The problems with the impacts of immigration on the labor market, particularly the problems caused by migrants with limited bargaining powers (such as temporary workers and illegals) can best be examined by looking at what happens when a bunch of them congregate in a particular labor market, and distort it.

And the resident workers who do lose out are not the powerful who make laws or write research papers; they are people that you do not encounter in college reunions or suburban cocktail parties. Much of the time they do not know that international migration may be hurting them, and even more of the time they are silent and invisible to the establishment.

As a further, (probably unconscious) contribution to the blanding of the research, Peri uses regression analysis which causes economists to sound like the Latin-speaking clergy of old; using an elite language, thus making it hard for non-initiates to question the speaker. He is, of course, not the only professor to use this scholarly approach.

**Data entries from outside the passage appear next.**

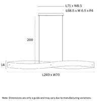 AREZZO 240 PENDANT 80wLED 3000K cab2m DIM ANTIGLARE H140 L2400 W70 8690Lm CRACKED BLACK
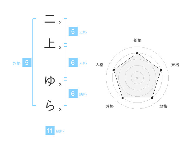 二上 ゆらさんの天格は5画の4点!
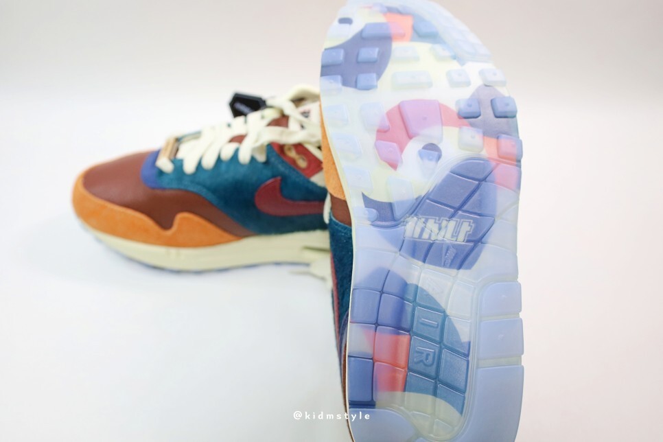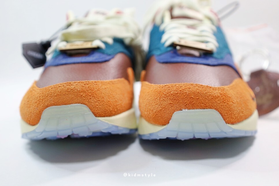나이키 에어맥스 1의 디자인을 기반으로 한 신발이라 에어 쪽은 맥스 1을 연상하게 합니다. 굽이 제법 높은 편이에요.
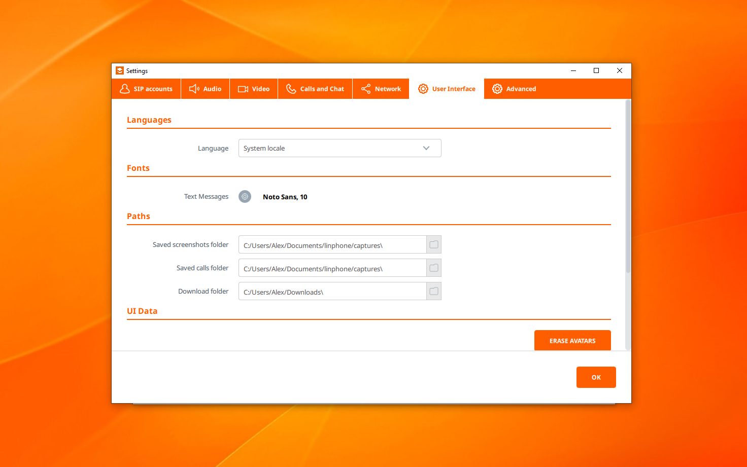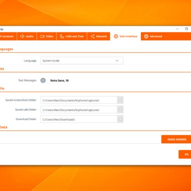 Le impostazioni dell’applicazione offrono una serie impressionante di opzioni con cui gli utenti possono regolare l’applicazione in base alle proprie preferenze. Oltre alle opzioni audio standard, come la selezione del dispositivo di riproduzione e del dispositivo di acquisizione, è possibile modificare i codec audio. Lo stesso vale per i video e i codec video. Le chiamate e le chat hanno una propria serie di opzioni: risposta automatica, registrazione automatica delle chiamate, opzioni di notifica e molto altro ancora. L’applicazione consente anche di passare a una lingua diversa e di scegliere un carattere per i messaggi di testo.
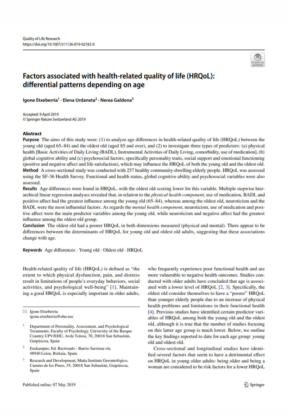 Los objetivos de este estudio publicado en la revista "Quality of Life Research" eran: (1) analizar las diferencias de edad en la calidad de vida relacionada con la salud (CVRS) entre adultos mayores de 65-84 años y personas mayores de 85 años y más, y (2) investigar tres tipos de factores predictivos para su: (a) salud física (actividades básicas de la vida diaria, actividades instrumentales de la vida diaria, comorbilidad, uso de medicamentos), (b) capacidad cognitiva global y (c) factores psicosociales, específicamente rasgos de personalidad, apoyo social y funcionamiento emocional (afecto y satisfacción con la vida), que puede influir en la CVRS de unos y otros.
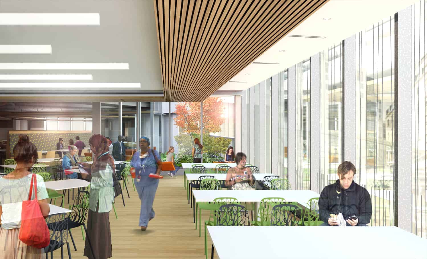 Designed to improve the interior environment, food choices, and customer experience, the project will join the two north pods of the second floor via an addition, replace the exterior building skin at this floor, and completely renovate the cafeteria space. The introduction of large planting beds, natural light, and enhanced views to the exterior are part of a wider initiative by the hospital to bring a stronger presence of nature and respite to its campus.
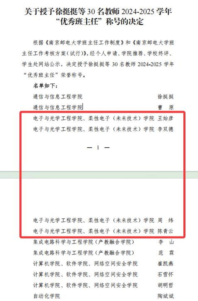近日,南京郵電大學(xué)2024-2025學(xué)年“優(yōu)秀班主任”評選結(jié)果正式揭曉。全校共30位教師獲此殊榮,其中,電子與光學(xué)工程學(xué)院、柔性電子(未來技術(shù))學(xué)院共有四位教師光榮入選,分別是王始彥、李雙德、周緯、陳青云。本次評選注重學(xué)生的真實(shí)反饋,根據(jù)“學(xué)生評價(jià)情況”(即班主任工作測評分?jǐn)?shù))和班主任提交的各類履職材料,對各位班主任老師的履職情況進(jìn)行綜合評定,最終擇優(yōu)入選。電光柔院此次能夠有四位教師脫穎而出,榮獲校級“優(yōu)秀班主任”稱號(hào),是學(xué)校對學(xué)院班主任工作整體水平和育人實(shí)效的高度認(rèn)可。入選老師在日常工作中,始終堅(jiān)守育人初心,恪盡職守,在思想引領(lǐng)、學(xué)業(yè)指導(dǎo)、生涯規(guī)劃、班級管理等方面傾注了大量心力,贏得了學(xué)生一致好評。此次優(yōu)異成績的取得是學(xué)院長期以來堅(jiān)持立德樹人根本任務(wù)、不斷加強(qiáng)和改進(jìn)班主任工作的成果體現(xiàn)。電光柔院將以此為契機(jī),持續(xù)深化班主任隊(duì)伍建設(shè),充分發(fā)揮優(yōu)秀班主任的示范引領(lǐng)作用,不斷探索學(xué)生工作的新思路、新方法,努力提升人才培養(yǎng)質(zhì)量,為學(xué)生的全面成長成才和學(xué)校的高質(zhì)量發(fā)展做出更大貢獻(xiàn)。撰稿:祝騰審核:徐磊編輯:祝騰
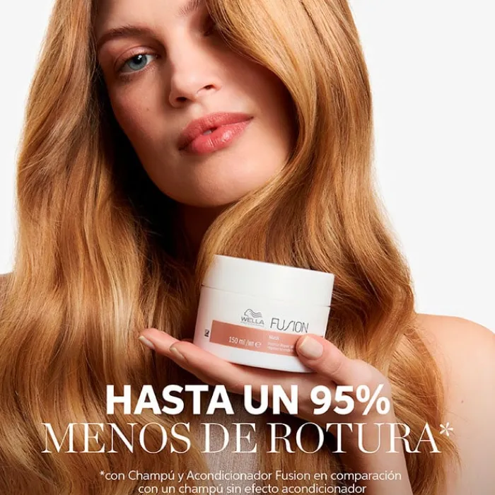 Su formulación con tecnología de fusión silksteel, contiene aminoácidos de seda y lípidos micronizados que aumentan la resistencia del cabello frente a la rotura originada como consecuencia del peinado y daño mecánico diario. Incluye metal purifier que protege el cabello contra los metales perjudiciales presentes en el agua. Wella Professionals Fusion Mask está indicada para desenredar, suavizar y fortalecer el cabello seco y dañado, luce más manejable, fuerte, sedoso y brillante.
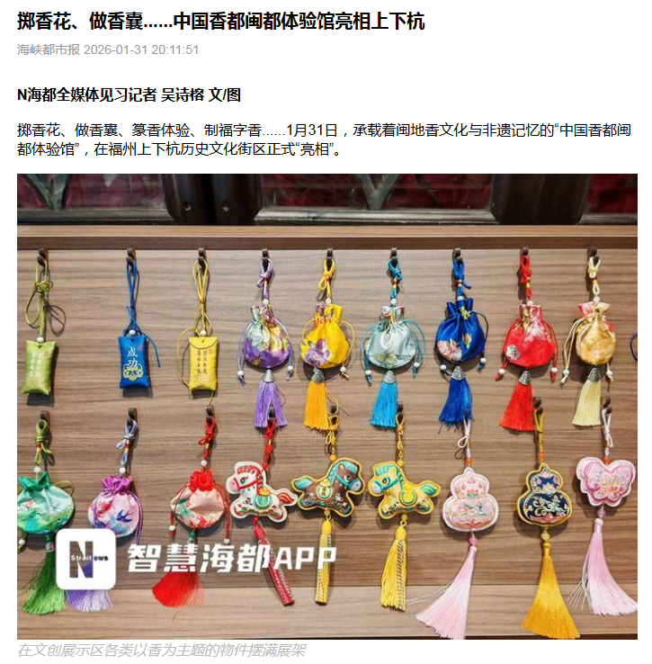 2026年1月31日,海峡都市图文报道我系与“中国香都闽都体验馆”签约合作,并揭牌 “非遗文化教育实践基地”。
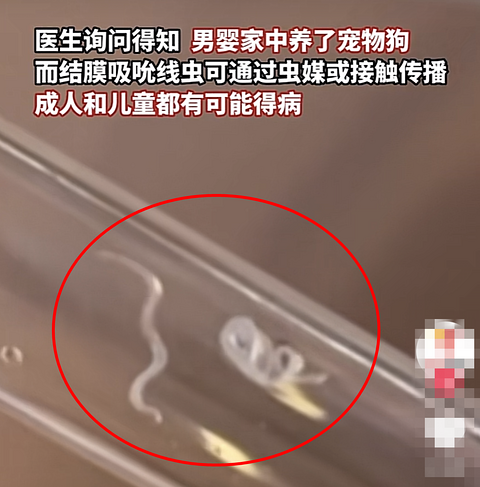 太令人吃惊了 , 浙江杭州8个月男婴眼睛取出8条寄生虫。医生称,基本确诊了主要和家里养宠物有关系。吸猫撸狗注意卫生,宠物定期驱虫,如果眼睛出现不适,应尽就医! 据说男婴出现揉眼的情况,用药后也没有改善,趁着孩子睡着妈妈扒开右眼皮一看,吓了一跳,赶紧带着孩子就医,医生询问得知男婴家中养了宠物狗,而结膜吸吮线虫可通过虫媒或接触传播 成人和儿童都有可能得病,所以家中养有宠物的一定要注意卫生。
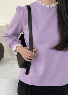 프릴 배색 어깨 셔링 티셔츠
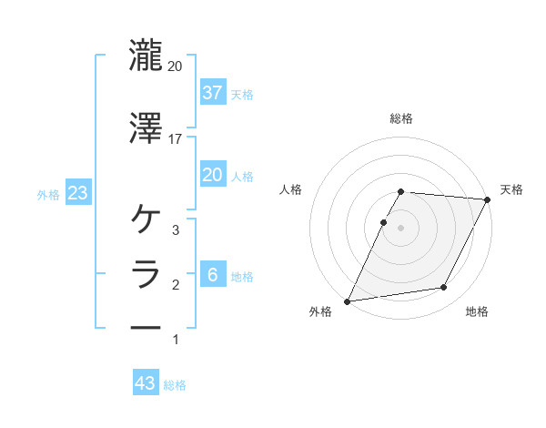 瀧澤 ケラーさんを姓名の画数から五運を鑑定
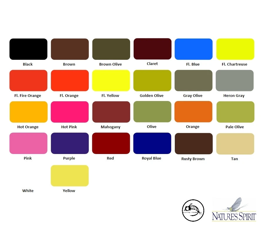 | Color | Black, Brown, Brown Olive, Claret, Crawfish Orange, Fl. Blue, Fl. Chartreuse, Fl. Green, Fl. Hot Pink, Gray Olive, Light Olive, Olive, Orange, Purple, Red, Tan, White, Yellow |
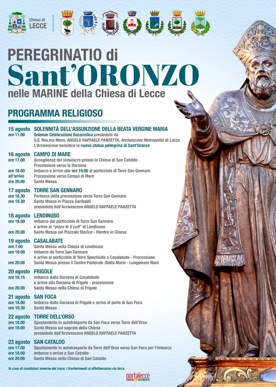 Ultima tappa della peregrinatio sabato 23 agosto. Il simulacro di Sant’Oronzo, nel pomeriggio, ritornerà a San Foca per l’imbarco, alle 18,30, per tornare a San Cataldo, dove. don Corrado Serafino, alle 20, presiederà la messa prefestiva.
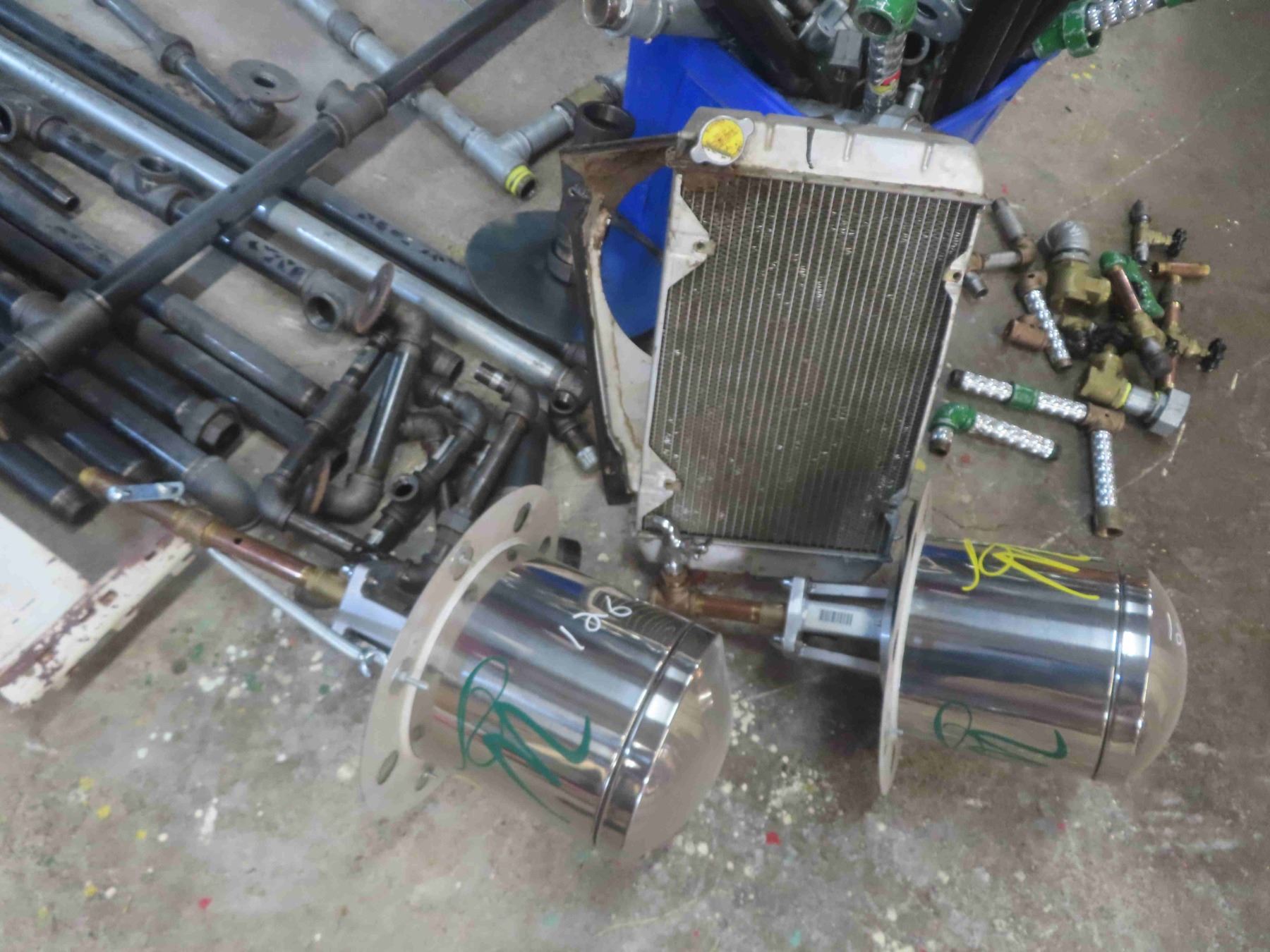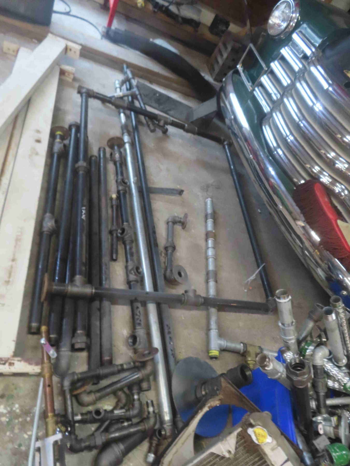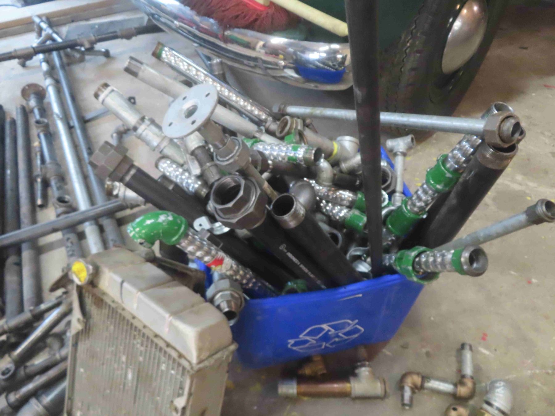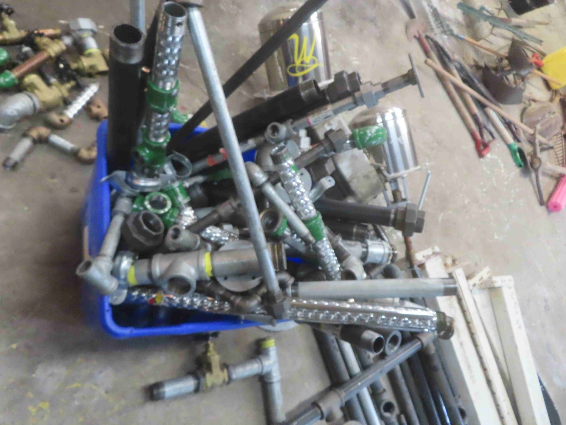 Brass and Cast Fittings, Pipes, Taps, Small Radiator
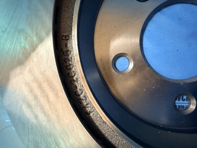 SN95 Cobra front brake rotors. We did a SVE Cobra conversion on my son's 02 New Edge. These are the rotors that came with the kit. We opted for matching drilled and slotted rotors for the front and rear and never installed these. Part No. F4ZC-2C026-B
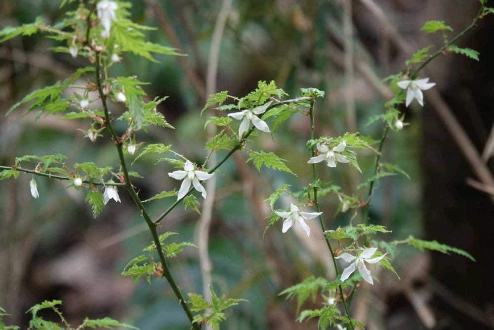 切り開かれた林の斜面はモミジイチゴの白い花がいっぱいでした。かなり自生していたと想像出来る。棘も確認👀
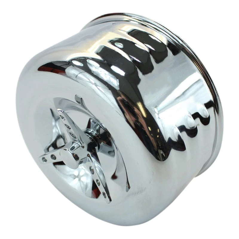 Ham can. Dog dish. Football. Ever notice that none of the nicknames for a factory air cleaner are very flattering? It’s because they lack a certain aesthetic appeal. Replace that factory-style air cleaner and show off your v-twin engine with this TC Bros. Choppers chrome louvered air cleaner kit.
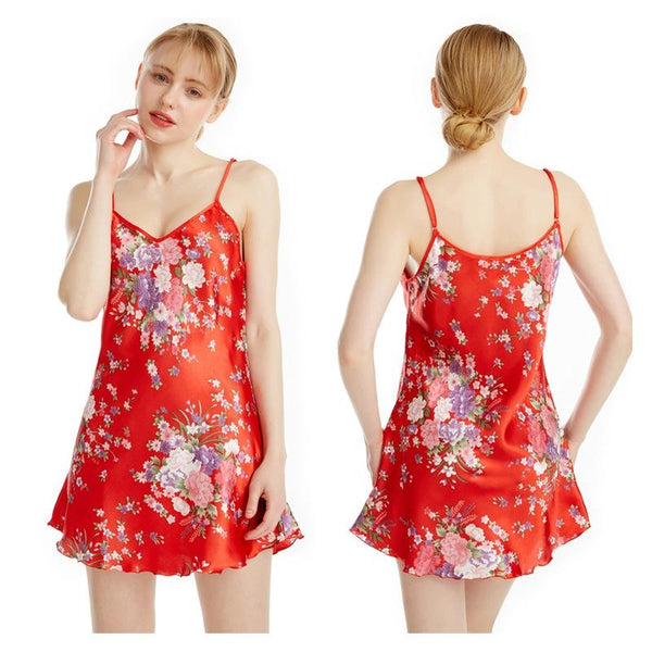 V-neck Backless Daffodils Short Sling Nightdress, Size:XL(Red)

In one of his tables using regression analysis there are 64 cells, with the numbers in them ranging from -0.57 to +1.50; not the stuff of either drama or clarity for the layman, but probably of interest to the cognoscenti.

Peri's talk did have one saving grace, however. He raised the issue of the very real subsidy to corporations flowing out of the H-1B nonimmigrant worker program. He suggested one way to reduce the subsidy and secure some economic data – a twofer for an economist – was to distribute these visas through a public auction process. The government would get the auction proceeds and might use the data to decide how many H-1B visas to issue during the next round.

I like the idea, but surely Microsoft and Goldman Sachs will not.

Peri also made the useful point (i.e., I agree with him) that, while levels of nonimmigrant worker visas and the numbers of illegal aliens in the nation vary sharply with economic activity, the state of the economy has no impact whatsoever on the number of green cards issued in a given year, at least in recent decades.